Auteure : Cynthia Enloe
Titre : Armées, bananes, confection… – Une analyse féministe de la politique internationale
Genre : essai
Traduit de l’anglais (États-Unis) par Caroline Sordia
Parution : 26 février 2019
ISBN : 979-10-94791-22-6 (broché)
Prix : 27 € (broché)
Le monde serait-il ce qu’il est si on rayait la moitié des êtres humains de la carte ? La question paraît absurde, mais la reconnaissance de la place et des rôles tenus par les femmes est encore presque nulle dans la plupart des analyses de politique internationale.
Cependant, comment le secteur du tourisme fonctionnerait-il sans les femmes ? Comment comprendre les évolutions du commerce de la banane ou de la confection sans tenir compte de la place que les femmes y occupent ? Sans les femmes, les valeurs du nationalisme, les bases militaires ou la diplomatie seraient-elles identiques ?
Accessible à un large public, au-delà des seuls cercles de spécialistes, l’ouvrage montre, à partir d’exemples très concrets et variés, comment une approche féministe incluant les questions de genre modifie en profondeur notre appréciation des enjeux internationaux : sans prêter une attention suffisante aux femmes et à leurs rôles dans le monde, on ne peut pas comprendre précisément comment s’exerce le pouvoir – et à quelles fins.
Cynthia Enloe est connue dans le monde entier pour ses nombreuses contributions, depuis les années 1980, à une vision renouvelée de la politique internationale.
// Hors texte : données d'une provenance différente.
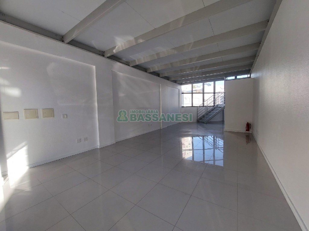 Loja para locação, Bairro Rio Branco, Cidade Caxias do Sul, Estacionamento Frontal, Posição Solar NORTE, Patio, Pe Direito 6,5 METROS, Piso de Porcelanato, Mezanino, 1 Banheiros, De Frente, Área privativa: 102 m², Área total: 102 m².
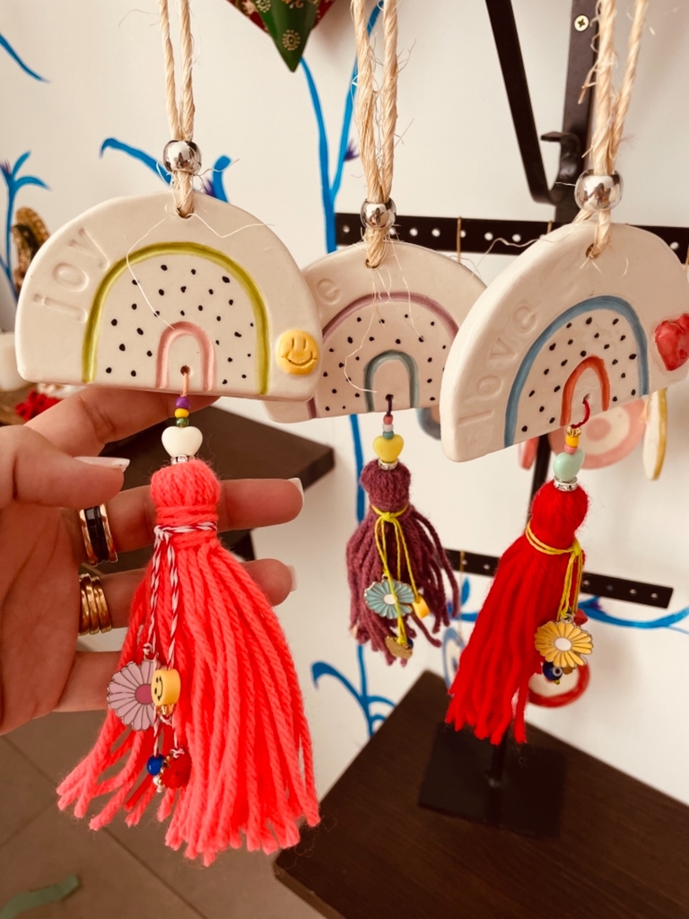 Móvil de cerámica artesanal con detalles de dijes y flecos
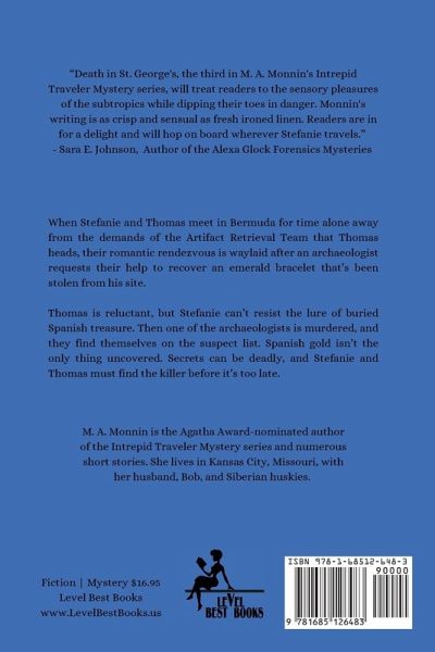 M. A. Monnin has been a traveler all her life, living in West Germany, The Netherlands, Spain, and England. An avocational archaeologist, she attributes her fascination with archaeology to her childhood in Germany, where she visited medieval churches, castles, and villages. Her short stories have appeared in anthologies and Black Cat Mystery Magazine, and her nonfiction articles cover Victorian reception of Ancient Egypt, detective fiction, and gardening. A board member of the Midwest Chapter of MWA, Mary is also a member of ITW, SinC, SMFS, and RWA and is a trustee of the Kansas City Archaeological Society. She divides her time between writing, traveling, and hiking. She lives in Kansas City, Missouri with husband Bob and Siberian huskies Anubis and Nikita.
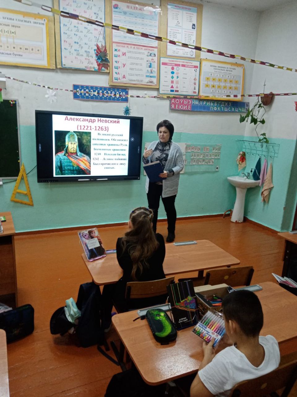 Ведущая Анжелика Новикова предварила внеклассный час обсуждением с детьми качеств настоящего героя. Вместе они пришли к выводу, что герой – это человек, совершивший мужественный, самоотверженный поступок, готовый в любой ситуации прийти на помощь, и даже пожертвовать собой ради блага Родины и других людей.
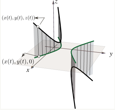 Como antes, parametrizamos la proyección de la curva con y como entonces:
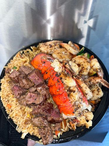 Chicken, NY Steak, Shrimp, Salmon, Filet mignon and Lobster.
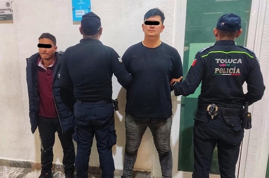 Toluca, Estado de México.- Dentro del operativo permanente en la delegación Felipe Chávez Becerril, la Dirección General de Seguridad y Protección de Toluca logró la detención de dos individuos sospechosos por su presunta participación en el delito de extorsión.
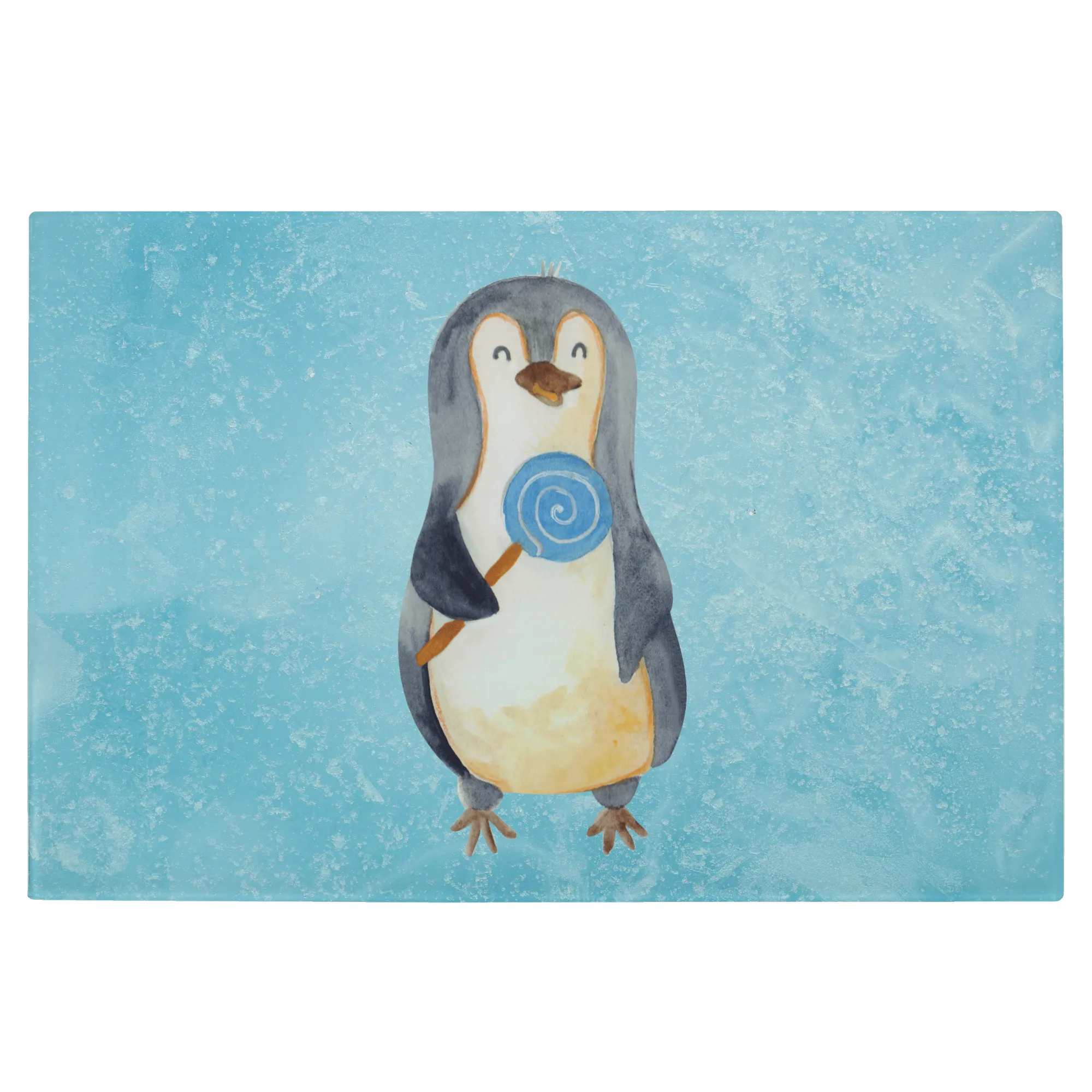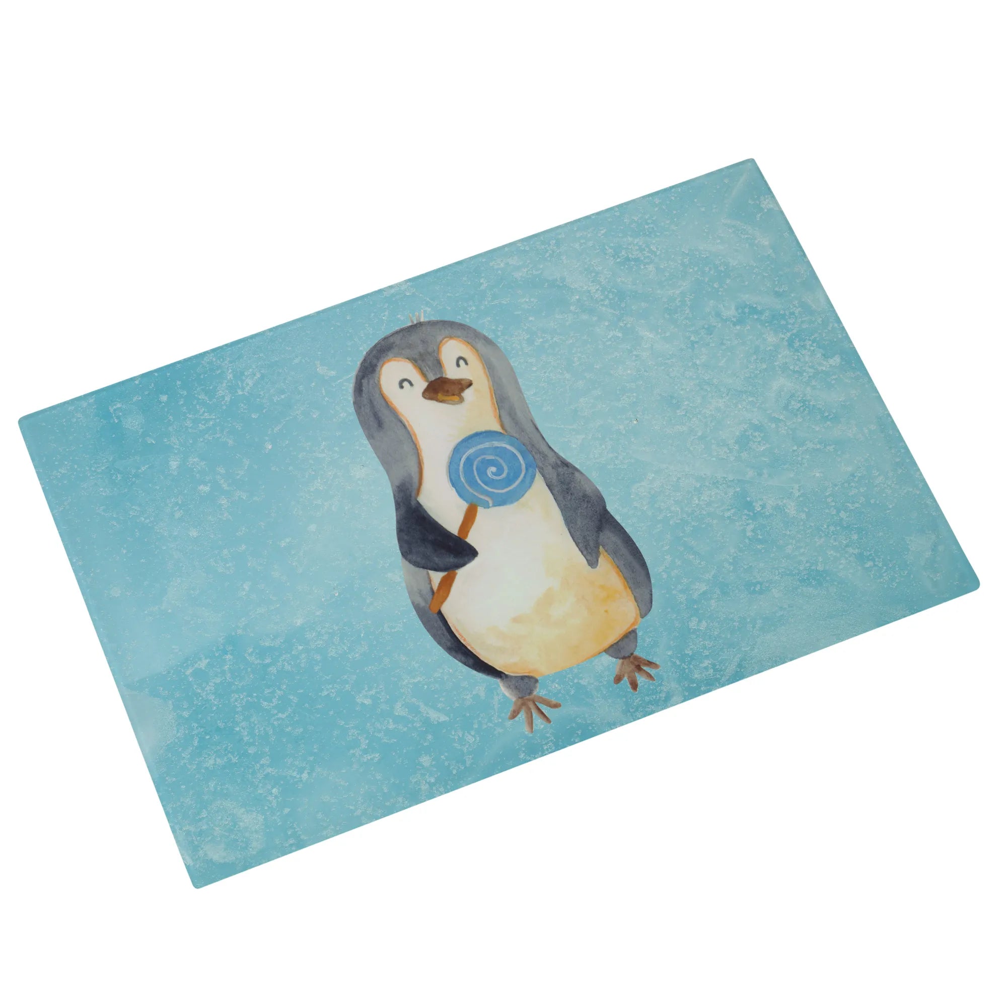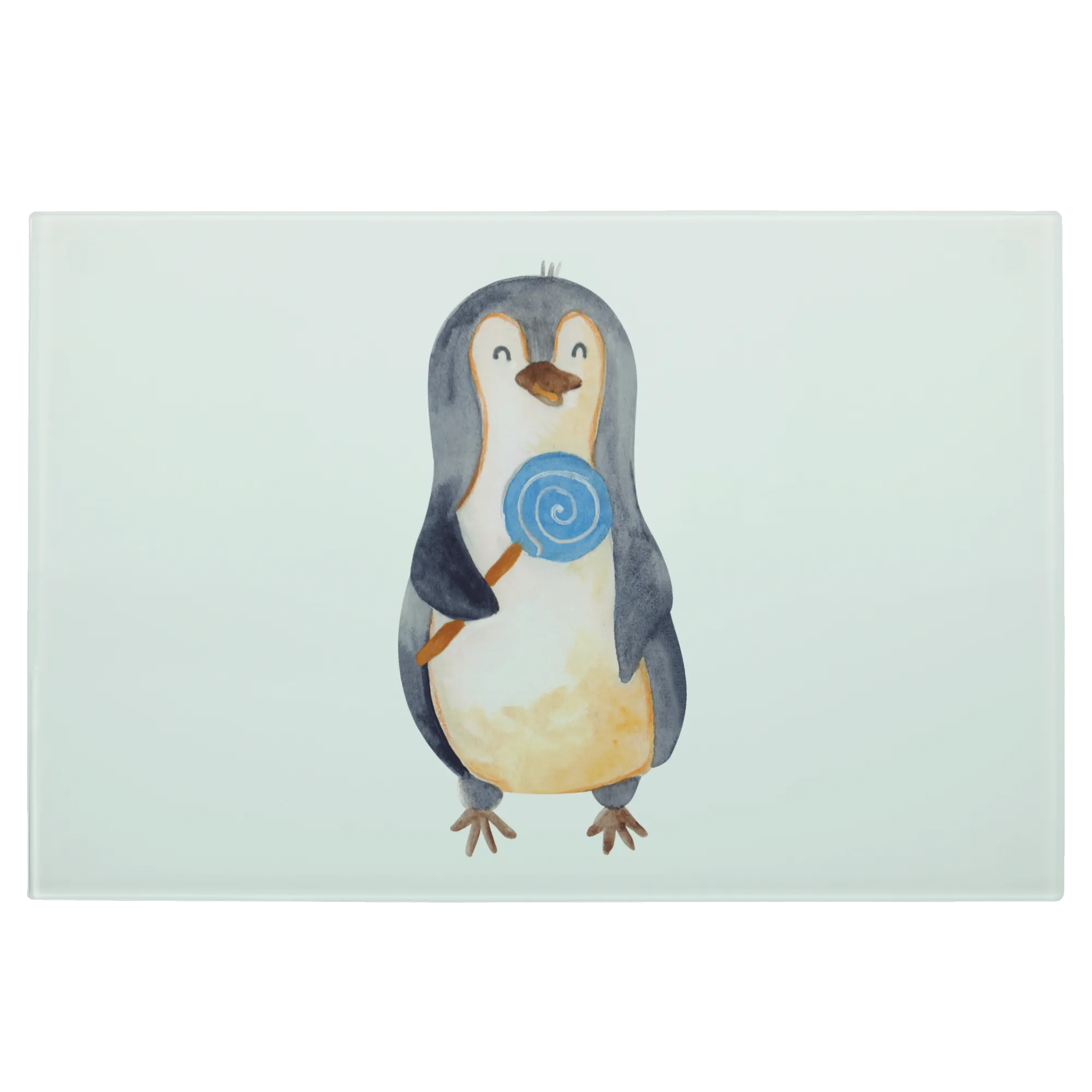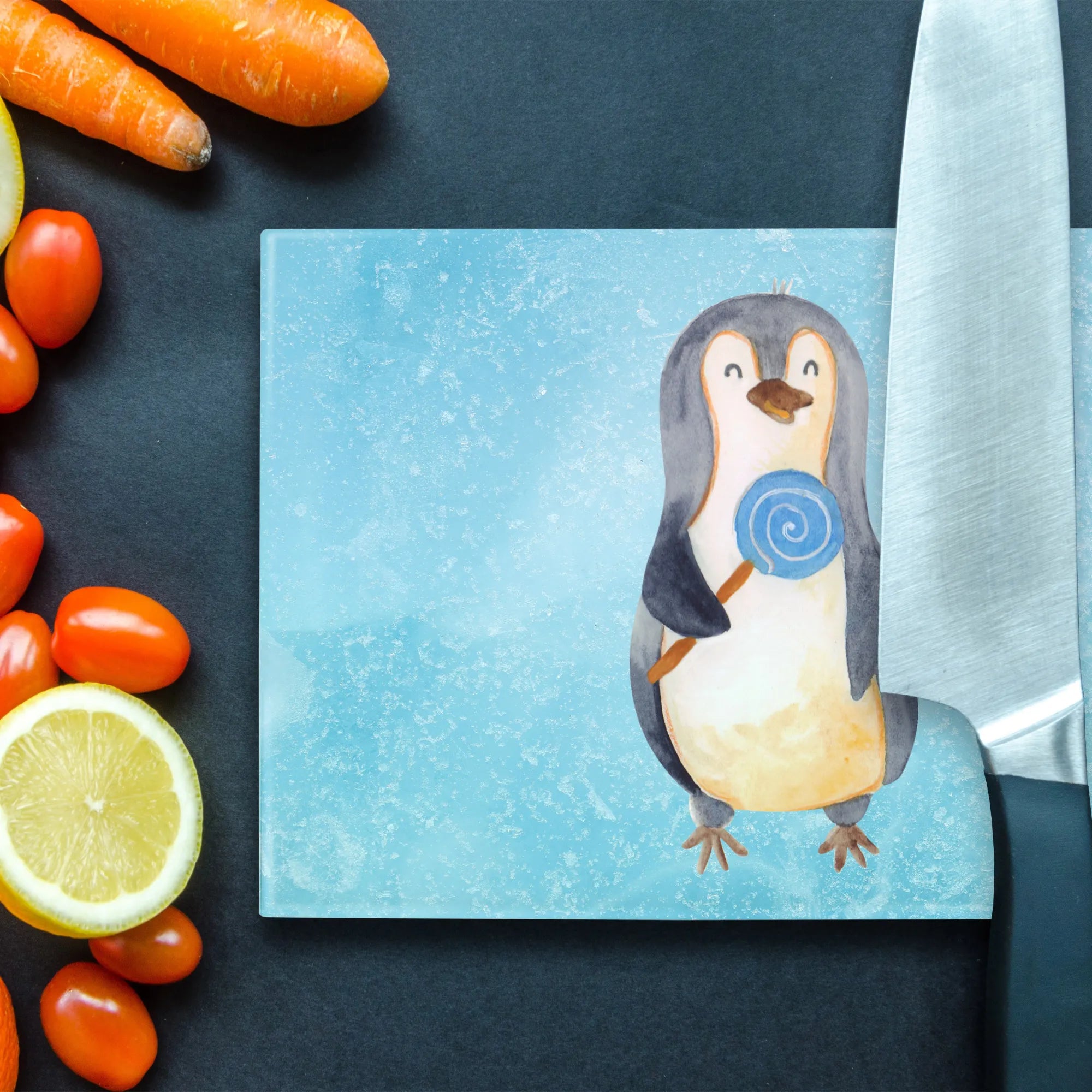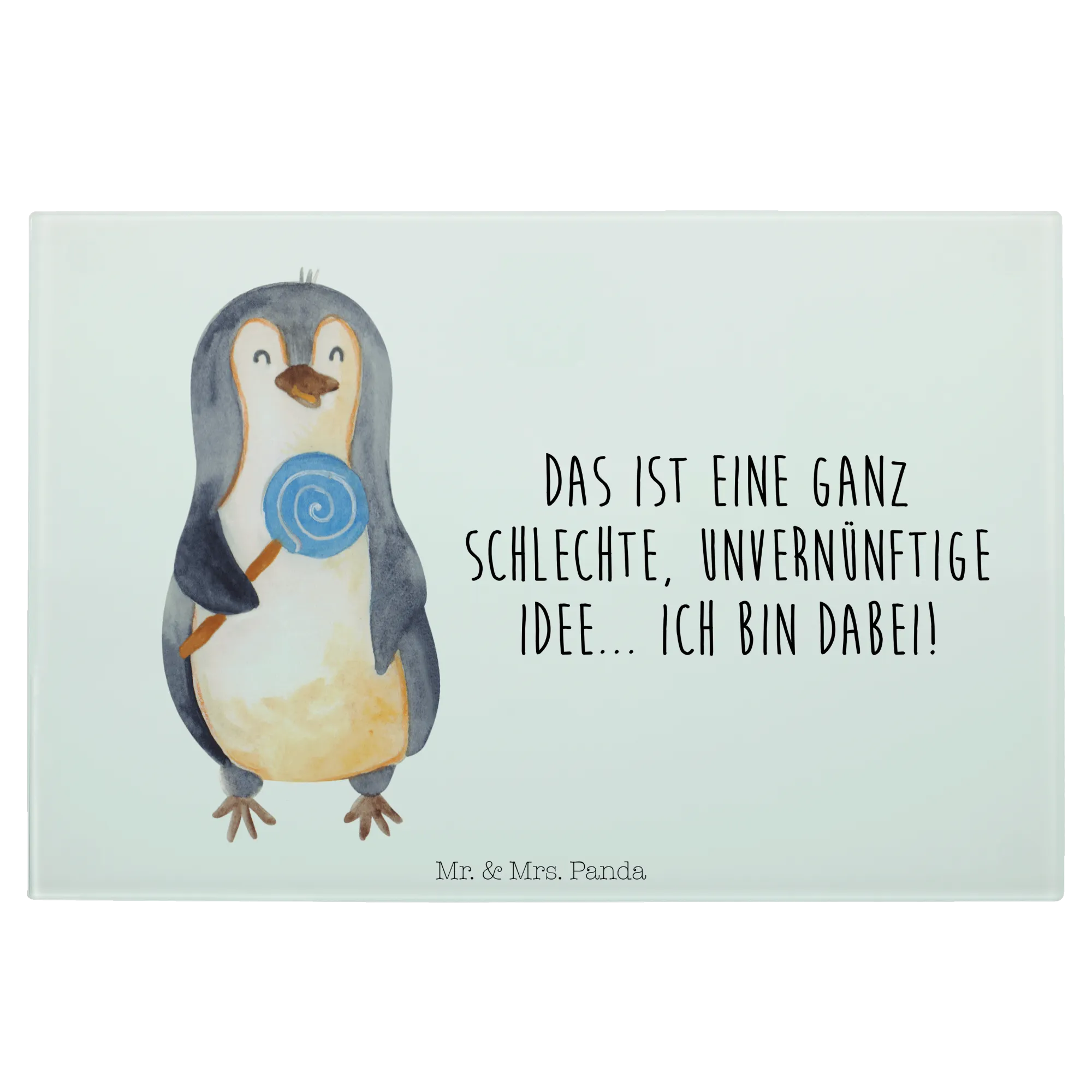 Glass chopping board Penguin lollipop - Medium Glas Schneidbrett - with saying - White

En introduisant une « curiosité féministe » dans un domaine où régnait un consensus sans faille – et très masculin –, elle a ouvert des voies fructueuses de réflexion et d’action. Armées, bananes, confection… est son deuxième ouvrage publié en français, après Faire marcher les femmes au pas ? (Solanhets, 2016).
Extrait
La plupart d’entre nous – et c’est bien compréhensible – préféreraient penser que l’attrait de la réclame publicitaire de telle ou telle entreprise est culturel, et non politique. Nous voudrions croire qu’aller en vacances en Jamaïque plutôt qu’en Égypte relève purement du domaine social, voire esthétique, et non du choix politique. Beaucoup de femmes et d’hommes préféreraient également penser les relations sexuelles comme confinées dans l’espace intime du désir et de l’attirance individuelle, protégées de toute manipulation politique. Et pourtant, les dirigeants d’entreprise choisissent certains logos plutôt que d’autres pour faire appel aux stéréotypes de certaines féminités racialisées chez les consommateurs. Les agences gouvernementales construisent une image marketing autour de la beauté – ou de la serviabilité – présumée des femmes de leur pays pour générer des recettes touristiques bien utiles. Pour renforcer certains fondements de l’« ordre social », les parlementaires échafaudent des lois spécialement destinées à punir certaines formes d’attirance sexuelle et, simultanément, à en encourager d’autres. Le pouvoir, le goût, l’attirance et le désir ne s’excluent pas mutuellement.
Si l’on ne prête pas suffisamment attention aux femmes – à toutes sortes de femmes –, on ne pourra pas comprendre qui exerce du pouvoir et à quelles fins. Telle est l’une des principales leçons de la recherche féministe en relations internationales.
Le pouvoir transcende les frontières. Songez seulement à la dynamique de pouvoir des relations conjugales. Quelle sorte de mariage de qui avec qui est reconnue par quels gouvernements, et dans quel but ? Pour répondre à cette question aux multiples angles d’approche, il faut se pencher attentivement sur le pouvoir. Il faut chercher à comprendre qui a le pouvoir de décider qu’un citoyen de sexe masculin peut épouser une femme ou un homme d’un autre pays, et donner par là sa propre nationalité ou citoyenneté à son époux ou épouse, alors qu’une femme épousant une personne d’un autre pays ne pourrait pas le faire. Ceux qui ont accès au pouvoir politique en font usage pour contrôler les mariages, car les relations conjugales entre personnes du même sexe ou de sexe opposé affectent les migrations transnationales et l’accès aux privilèges de la citoyenneté conférée par l’État. Le mariage, c’est politique. Et c’est international. (…)
L’un des principaux bénéfices intellectuels que l’on tire de l’observation attentive de la place des femmes dans la politique internationale – ainsi que de la manière dont elles sont arrivées à cet endroit et de ce qu’elles pensent de cette situation –, c’est qu’elle met au jour à quel point le pouvoir politique s’exerce bien plus intensément que la plupart des experts dépourvus de curiosité féministe voudraient nous le faire croire.